3. Canada is known as the world’s ‘breadbasket’ for its production of wheat – is that why trade in cereals are least affected?
No. The reason that cereal trade is least affected is that cereal production has low income elasticities. In many parts of the world, meat is a luxury and it has a mid-range income elasticity. Cereals, on the other hand, are not luxuries but very much basic necessities. So people continue to consume similar amounts, even as their income levels change. There will be some drop in demand for Canadian wheat, but not as much as for most other agricultural products.
4. Can you explain the threats that Canadian agricultural trade faces? What would motivate these threats from other countries?
The first threat is that the worldwide recession becomes deeper and longer, not just for this year, but beyond. Most of the estimates of falling incomes, and hence falling trade flows, is based on the assumption of just one ‘wave’ of COVID-19. If there are several waves, that will extend the recession for longer. Similarly, if more countries like Brazil refuse to use public health measures that reduce the infections and deaths, there will be a deeper recession and slower recovery in those countries. This will dampen worldwide demand by more than the numbers I used.
The second is that the Canada-US border is likely to stay closed for longer than estimated, and consumer demand in the US will come back more slowly if the infection rate stays high. This will damage Canada’s export prospects, although maybe not terribly much on agricultural products.
The third threat comes from a separate source, namely the various disputes between Canada and China that have already lowered our agricultural trade. This will be due to China making technical claims on Canada’s exported products, such as Sanitary and Phitosanitary (SPS) violations, which even if contested through the WTO, the problem will not likely be resolved for several years. This threat can be expanded to other countries that now import Canadian food products, who may, for domestic political reasons, try to protect local jobs and incomes in agriculture by raising import tariffs and other restrictions. These restrictions may take the form of costly inspections, tightened SPS and food safety regulations. The motivation may differ from that of China, but the result will be the same: reduced market access, and exports, for Canadian food and agricultural exporters.

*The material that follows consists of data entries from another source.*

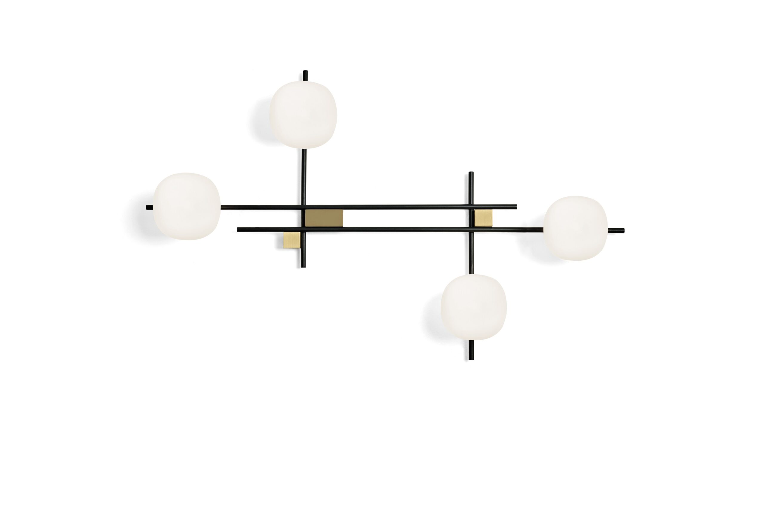 I vetri soffiati opalini, dalla forma arrotondata e morbida, diffondono una luce uniforme e accogliente, perfetta per illuminare e decorare pareti importanti, zone living ecamere da letto
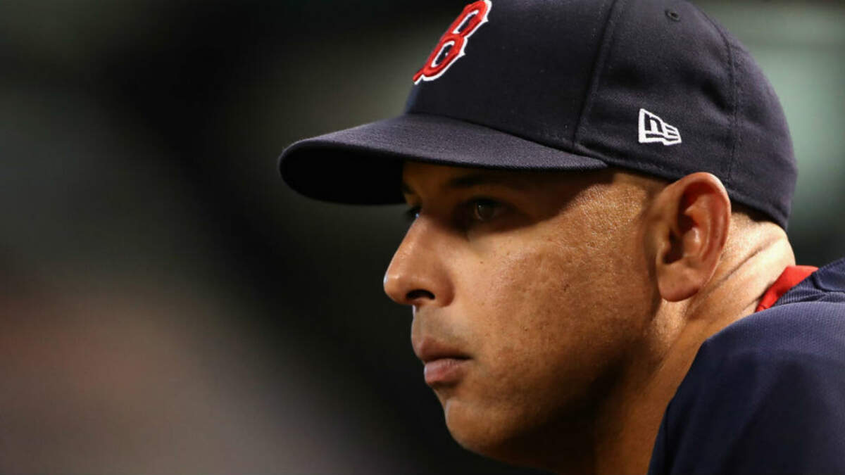 Manager Alex Cora #20 of the Boston Red Sox watches from the dugout during the fifth inning of the MLB game against the Arizona Diamondbacks at Chase Field on April 05, 2019 in Phoenix, Arizona. (Photo by Christian Petersen/Getty Images)
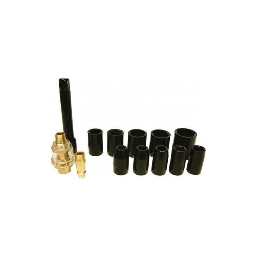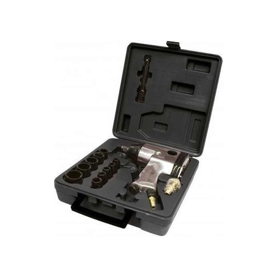 Este kit completo incluye todo lo necesario para empezar de inmediato. Con diez llaves de vaso, un depósito de aceite y una botella de aceite, puedes apretar o aflojar lo que necesites. Solo necesitas un compresor y una manguera.
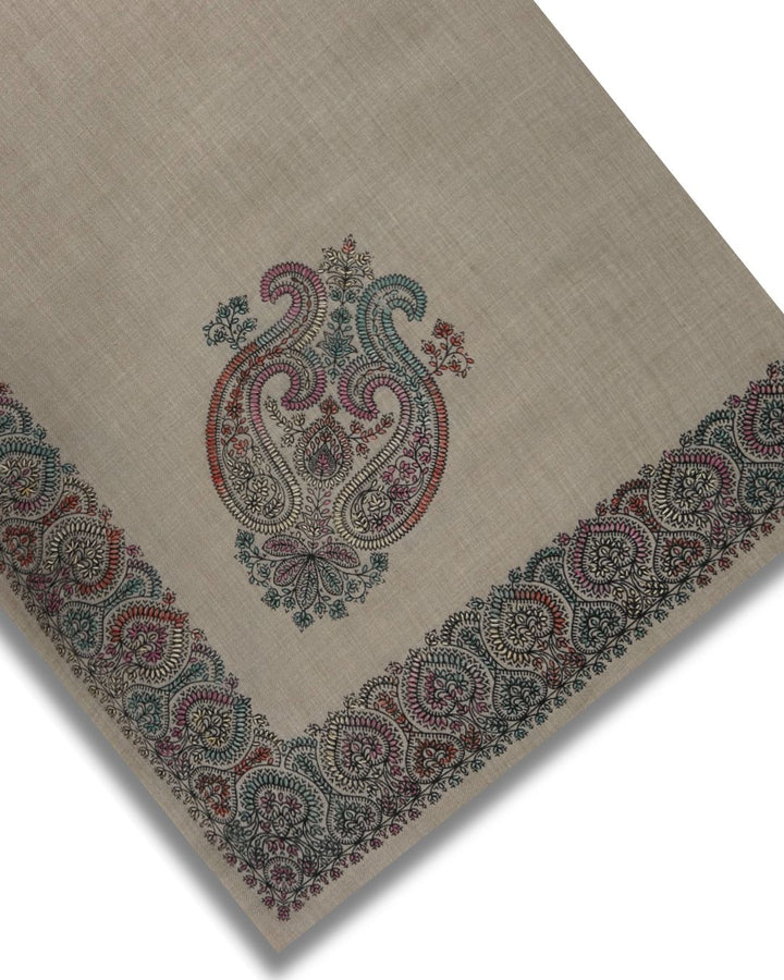 Cashmere Embroidered Shawls are not pure cashmere but a cashmere-feel blend of acrylic and viscose. This is a very practical choice — it gives the same soft, luxurious look and drape as pure cashmere, but at a much more affordable price point, with easier maintenance.

5. After COVID-19, do you think Canada will fare better than other countries in resuming its agricultural trade?
It is not clear that Canada will be in any different position than other agricultural exporters in resuming its agricultural export levels. One advantage in Canada is that we will have our domestic supply chain relatively intact, because the pandemic appears to be moderating rather well in Canada. Migrant labour is an issue that will slow us down, but it is not that clear to me that we are at a disadvantage relative to other countries.
About Dr. Richard Barichello
Dr. Barichello is a professor at The University of British Columbia in the Faculty of Land and Food Systems and the Masters of Food and Resource Economics (MFRE) program. His research interests include agricultural and trade policy, regulated markets, dairy industry economics, quota markets, international development, and rural labour markets. He teaches courses in Food Market Analysis and Policy Analysis in the MFRE program.